▶ YOUR ASSIGNMENT: Using the listing below, print exactly everything from the line with "Enhance your summer" down to the line with "This striking campaign-style", both included, and nothing more.

▶ DATA FOR PROCESSING:
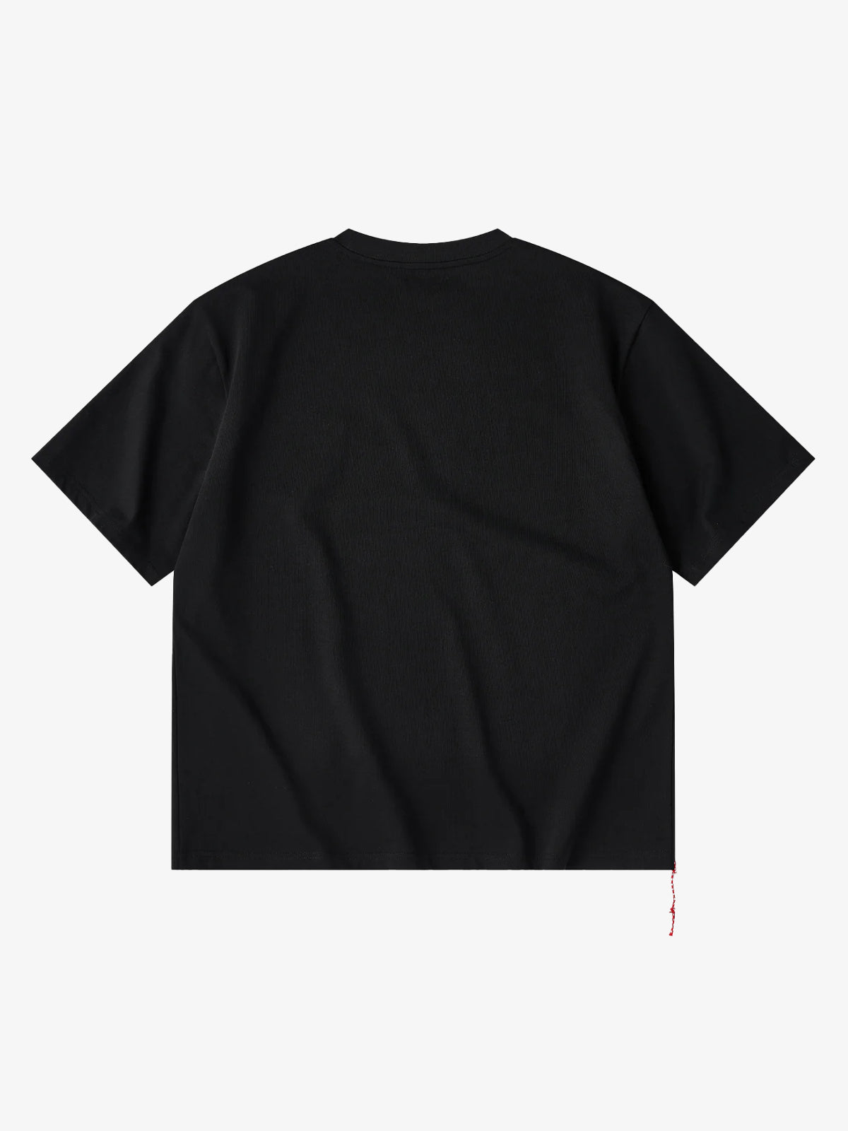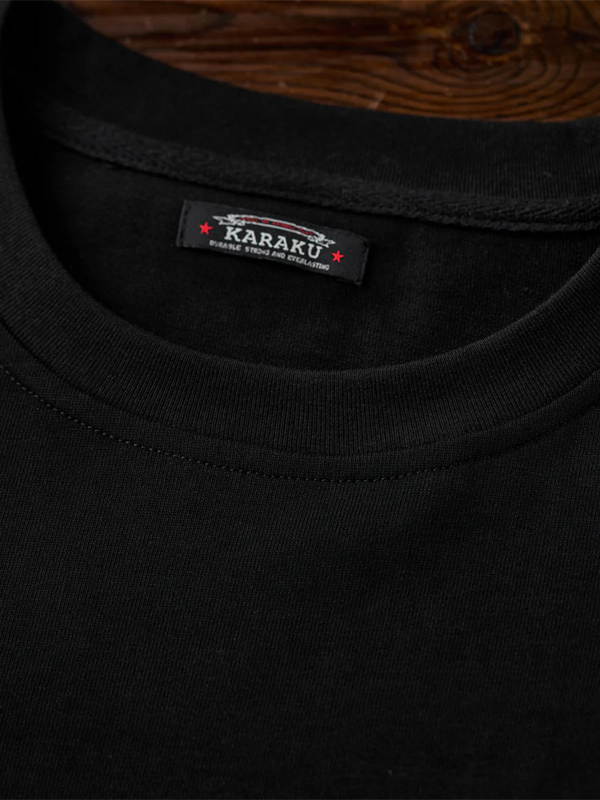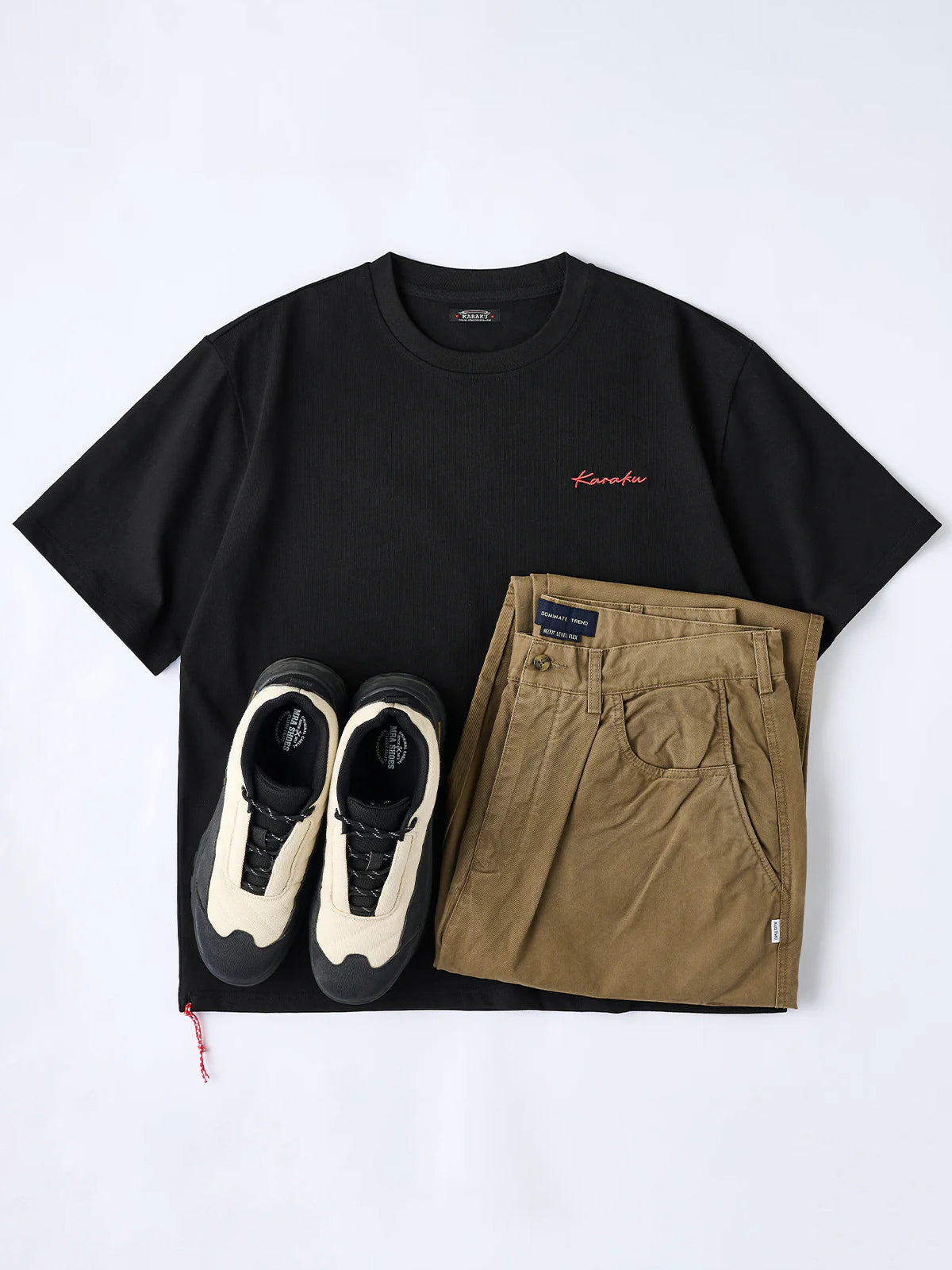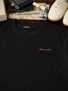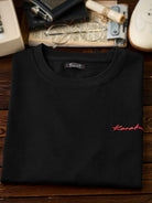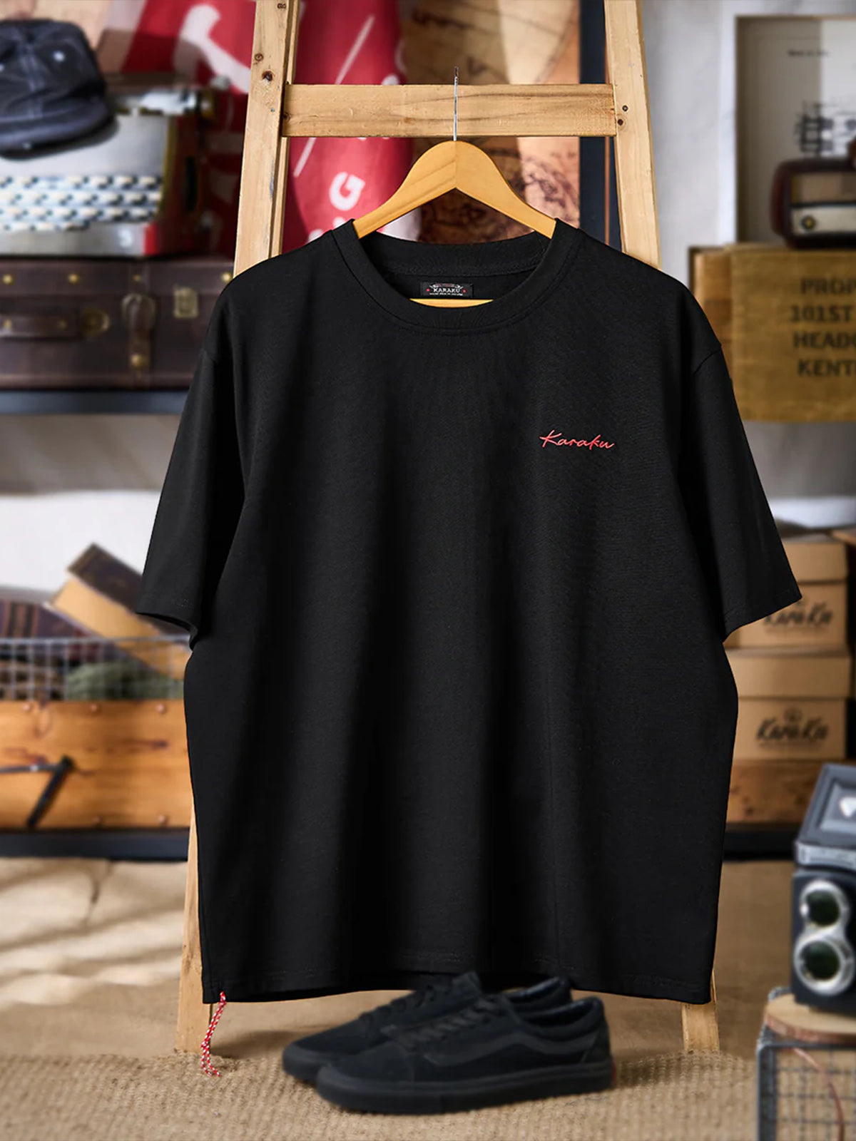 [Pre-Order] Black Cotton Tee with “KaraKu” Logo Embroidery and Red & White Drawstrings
==
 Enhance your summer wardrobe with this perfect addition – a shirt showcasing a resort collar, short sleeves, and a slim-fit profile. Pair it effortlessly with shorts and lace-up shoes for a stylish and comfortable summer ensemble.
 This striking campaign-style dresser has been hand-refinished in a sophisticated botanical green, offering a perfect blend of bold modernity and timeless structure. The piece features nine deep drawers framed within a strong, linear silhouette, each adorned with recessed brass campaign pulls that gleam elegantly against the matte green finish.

▶ YOUR RESPONSE:
 Enhance your summer wardrobe with this perfect addition – a shirt showcasing a resort collar, short sleeves, and a slim-fit profile. Pair it effortlessly with shorts and lace-up shoes for a stylish and comfortable summer ensemble.
 This striking campaign-style dresser has been hand-refinished in a sophisticated botanical green, offering a perfect blend of bold modernity and timeless structure. The piece features nine deep drawers framed within a strong, linear silhouette, each adorned with recessed brass campaign pulls that gleam elegantly against the matte green finish.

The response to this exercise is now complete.